Hyundai's First Minivan a Winner
By Jim Bray
Entourage. According to Webster's, it's "a group of attendants or associates, as of a person of rank or importance: The opera singer traveled with an entourage of 20 people." Not the central figure, then, but the hangers on.
Well hang on! For Hyundai, the word means they're finished hanging around watching other companies sell minivans, and are leaping into fray themselves. One would think that if "Hyundai Come Lately" is going to be noticed in a market already crowded with good examples, it'll have to be really good.
Fortunately, it is. The Hyundai Entourage is big and roomy, flexible, comfortable, and even has a surprisingly good "fun to drive" quotient, something I didn't expect in this type of vehicle.
One advantage of being late to the party is that you can learn from everyone else, and it appears Hyundai has been doing its homework. Hyundai says the Entourage is longer than a Honda Odyssey, longer and wider than the Toyota Sienna and has more interior volume than the Dodge Grand Caravan.
But the Entourage isn't just roomy. It's also efficient and packed with a high level of standard equipment including plenty of creature comforts and popular safety technologies such as disc brakes all around (with four channel ABS), Electronic Brake Force Distribution and Electronic Stability Control. Hyundai also tosses in anti-whiplash active head restraints and air bags that protect people in all three rows of seats.
If they were looking to get noticed, it seems to have worked: the Entourage has earned the National Highway Traffic Safety Administration’s (NHTSA) highest honor - the gold "Top Safety Pick" award. Hyundai says this is the best rating ever achieved by a minivan for front and side impacts.
The front wheel drive Entourage has plenty of oomph, too. It's propelled by a 3.8 liter, all-aluminum DOHC 24-valve V6 engine that cranks out 250 horses @ 6,000 rpm and 253 lb.- ft. of torque at a low 3500 rpm. Couple that to a five speed automatic transmission with (rather superfluously for a minivan) a Shiftronic manual mode and you have a hauler that definitely hauls.
The exterior is probably about as attractive as you can get with a minivan, contemporary and mainstream without being in your face. The front end features projector beam headlights and fog lights, and they do a good job of illuminating the road ahead at night. As with most minivans these days, you get sliding middle doors on both sides, and the ones on my tester were power operated. My tester's tailgate wasn't powered, unfortunately, though that feature is available. But it's such a handy thing to have, especially when your arms are full of shopping bags, that it really should be standard on all trim levels.

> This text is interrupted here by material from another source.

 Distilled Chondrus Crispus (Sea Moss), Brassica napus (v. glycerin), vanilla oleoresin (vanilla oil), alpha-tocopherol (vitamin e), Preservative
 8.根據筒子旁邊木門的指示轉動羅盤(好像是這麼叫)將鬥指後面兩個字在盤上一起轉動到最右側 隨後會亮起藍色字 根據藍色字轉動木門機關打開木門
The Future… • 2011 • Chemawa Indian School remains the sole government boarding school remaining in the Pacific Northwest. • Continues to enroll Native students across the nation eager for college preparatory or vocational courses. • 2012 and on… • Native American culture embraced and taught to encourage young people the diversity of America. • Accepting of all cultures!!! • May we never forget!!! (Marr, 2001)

On the other hand, my tester did include backup sensors in the rear bumper,
which holler at you (well, gently) when you start getting close to another
vehicle or abutment. This is also a really great feature, since backing up
and/or parallel parking a minivan isn't one of life's great pleasures.

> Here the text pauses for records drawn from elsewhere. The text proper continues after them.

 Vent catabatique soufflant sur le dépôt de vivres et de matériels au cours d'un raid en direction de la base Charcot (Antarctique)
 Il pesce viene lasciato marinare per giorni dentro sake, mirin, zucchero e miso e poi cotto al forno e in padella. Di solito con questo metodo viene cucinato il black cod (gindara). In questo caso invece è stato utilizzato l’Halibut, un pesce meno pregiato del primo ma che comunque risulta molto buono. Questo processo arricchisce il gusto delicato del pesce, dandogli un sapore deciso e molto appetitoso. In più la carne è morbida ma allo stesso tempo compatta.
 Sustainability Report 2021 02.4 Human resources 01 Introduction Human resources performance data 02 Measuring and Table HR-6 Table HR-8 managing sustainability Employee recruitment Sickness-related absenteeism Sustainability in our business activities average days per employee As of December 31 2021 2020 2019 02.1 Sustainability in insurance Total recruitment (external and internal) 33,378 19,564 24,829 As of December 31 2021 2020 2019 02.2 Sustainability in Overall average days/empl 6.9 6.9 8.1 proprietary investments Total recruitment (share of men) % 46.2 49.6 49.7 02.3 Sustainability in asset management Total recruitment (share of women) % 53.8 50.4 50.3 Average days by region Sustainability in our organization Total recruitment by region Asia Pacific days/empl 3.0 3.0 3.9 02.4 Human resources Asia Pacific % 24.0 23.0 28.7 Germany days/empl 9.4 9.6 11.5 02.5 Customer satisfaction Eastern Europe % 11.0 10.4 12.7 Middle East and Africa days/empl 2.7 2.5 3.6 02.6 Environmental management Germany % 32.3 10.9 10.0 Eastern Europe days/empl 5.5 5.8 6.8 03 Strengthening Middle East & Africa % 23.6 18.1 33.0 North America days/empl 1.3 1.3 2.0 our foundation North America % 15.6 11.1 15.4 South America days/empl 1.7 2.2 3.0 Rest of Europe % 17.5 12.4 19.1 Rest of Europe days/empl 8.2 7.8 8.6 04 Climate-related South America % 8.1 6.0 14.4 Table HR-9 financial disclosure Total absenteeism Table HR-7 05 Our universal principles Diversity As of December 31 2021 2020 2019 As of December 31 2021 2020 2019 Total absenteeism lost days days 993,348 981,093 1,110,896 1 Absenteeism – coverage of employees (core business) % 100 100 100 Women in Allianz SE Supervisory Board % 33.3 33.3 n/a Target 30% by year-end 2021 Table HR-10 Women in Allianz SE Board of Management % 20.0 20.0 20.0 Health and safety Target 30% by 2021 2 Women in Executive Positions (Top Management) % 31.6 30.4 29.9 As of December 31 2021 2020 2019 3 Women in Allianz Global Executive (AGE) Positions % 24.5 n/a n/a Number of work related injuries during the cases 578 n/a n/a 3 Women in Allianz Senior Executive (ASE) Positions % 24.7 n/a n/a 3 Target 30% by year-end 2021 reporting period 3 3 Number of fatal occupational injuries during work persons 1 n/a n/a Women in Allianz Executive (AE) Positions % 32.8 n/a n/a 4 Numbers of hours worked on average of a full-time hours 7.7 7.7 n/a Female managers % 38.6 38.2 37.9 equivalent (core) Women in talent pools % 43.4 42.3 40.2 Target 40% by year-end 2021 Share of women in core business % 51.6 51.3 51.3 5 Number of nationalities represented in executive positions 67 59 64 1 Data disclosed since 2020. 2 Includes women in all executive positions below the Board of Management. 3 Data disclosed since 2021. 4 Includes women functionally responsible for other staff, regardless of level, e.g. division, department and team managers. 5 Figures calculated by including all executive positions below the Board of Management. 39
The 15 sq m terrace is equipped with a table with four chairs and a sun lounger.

The steering wheel is manually tiltable and features audio and cruise controls on the front (mute and cruise control on/off buttons are on the back). You can't scroll through radio presets or CD tracks from the steering wheel, though, which means you have to take a fairly long reach to the center stack.
One thing that's really cool, and that I wish I'd had when my kids were at the ankle biter stage, is a convex mirror mounted on the roof between the front seats, where a sunglasses holder is found often in many vehicles. Hyundai calls it a "conversation mirror," but I like to think of it as an "anti-sibling conflict monitoring mirror".
The second row features flexible captain's chairs that can be slid forward or backward. They also fold forward for storage or to allow for easy access to the third row. If that isn't enough for you, you can take them right out as well. They don't stow into the floor like Dodge's, unfortunately.
The third row features a 60/40 Split "Hyundai Hideaway" bench with "seatback shopping hooks" and can be folded easily right into the floor to create a flat storage space. I noticed a few minor rattles when the seat was folded, but it wasn't a big deal.
Center row passengers can control their own HVAC settings via ceiling-mounted knobs on the left side (right side passengers need really loooong arms!), with ceiling mounted vents, and my tester had an overhead DVD player with a pretty big (and of reasonable video quality) 10.2" LCD Screen with two sets of wireless headphones. The DVD unit's pretty flimsy, but it works well.
Another wonderful feature for center row passengers is power-operated windows in the sliding doors that go up and down just like in a real car. My tester also included powered third row "pop out" windows.
As one might expect, there's an abundance of storage areas spread through the interior.
The Entourage's ride is a tad cushy, but it handles better than I expected from a minivan and I found myself carving apexes in a most un-minivan-like manner. This is undoubtedly due in no small part to the vehicle's independent suspension (with MacPherson struts, coil springs and stabilizer bar) up front and multi-link suspension (with coil springs and a stabilizer bar) in the rear. Steering is speed sensitive power rack and pinion and it offers good road feel.
The 2007 Hyundai Entourage starts at $23,795 U.S./$29,995 Canadian with the Limited (GLS Premium in Canada) starting at $28,795 U.S./$37,195 Canadian.